The water that runs out of the tap in our kitchens is the accepted source of drinking water for most Americans and residents of other advanced economies with modern public infrastructures. In the interest of public health and safety, that water has been subjected to some kind of chemical treatment and additives (e.g., chlorine, fluoride) by the governmental agencies or private companies that provide the water to homes, businesses and public spaces.
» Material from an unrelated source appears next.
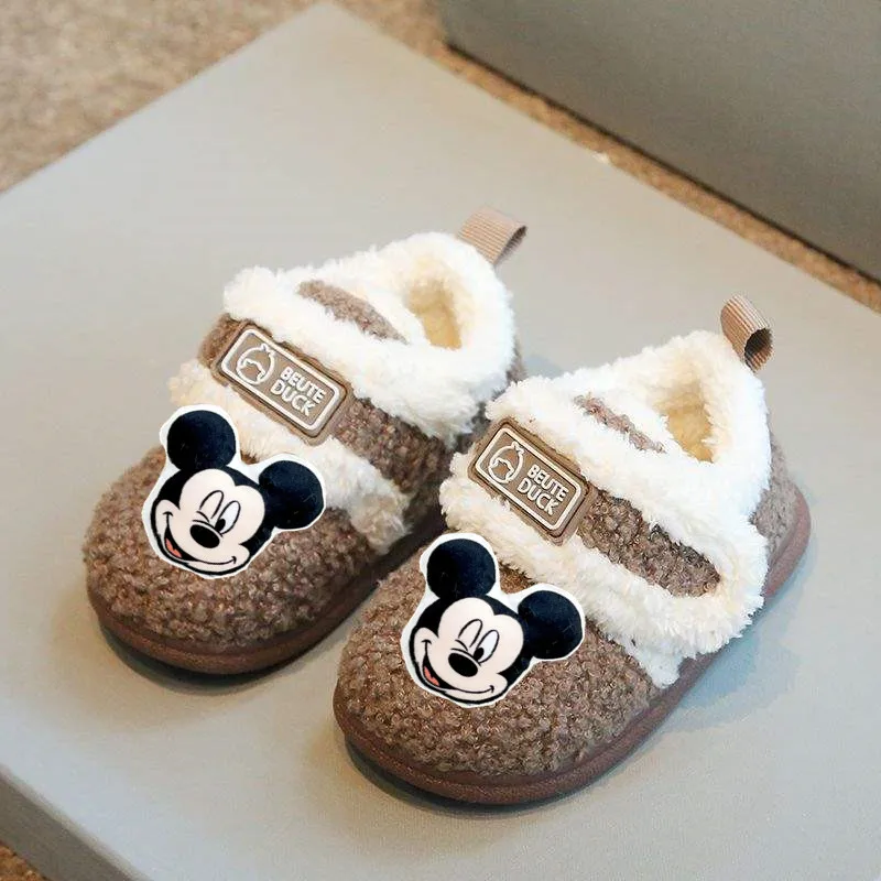 Детские хлопковые тапочки Disney, зимняя домашняя хлопковая домашняя обувь для девочек, нескользящая повседневная обувь с Микки Маусом, обувь для мальчиков и малышей

Most Americans take drinking water safety for granted. Disturbing stories of unsafe public drinking water – like the lead contamination of the Flint, Michigan municipal water after a 2014 switch to using the Flint River as the water source – have been the exception in the U.S.

In recent decades, there has been an increase in U.S. sales of bottled sparkling or still water, as Americans have shown a preference for what was common (and often necessary) in other countries. Although the environmental impact of the bottles and the possibility that the plastic in the bottles may leach chemicals into the bottled water has caused some pushback on the acceptance of bottled water, it is generally accepted as safe drinking water. Bottled water is either drawn from natural sources (glaciers, springs, artesian wells, mineral springs) and then subjected to a filtration process to improve taste, smell and color; or it is drawn from local public water supplies and purified (by either distillation, deionization or reverse osmosis). The attraction of consumers for bottled water is rooted in personal convenience, healthy lifestyles and, for some, considerations of overt displays of consuming top brands.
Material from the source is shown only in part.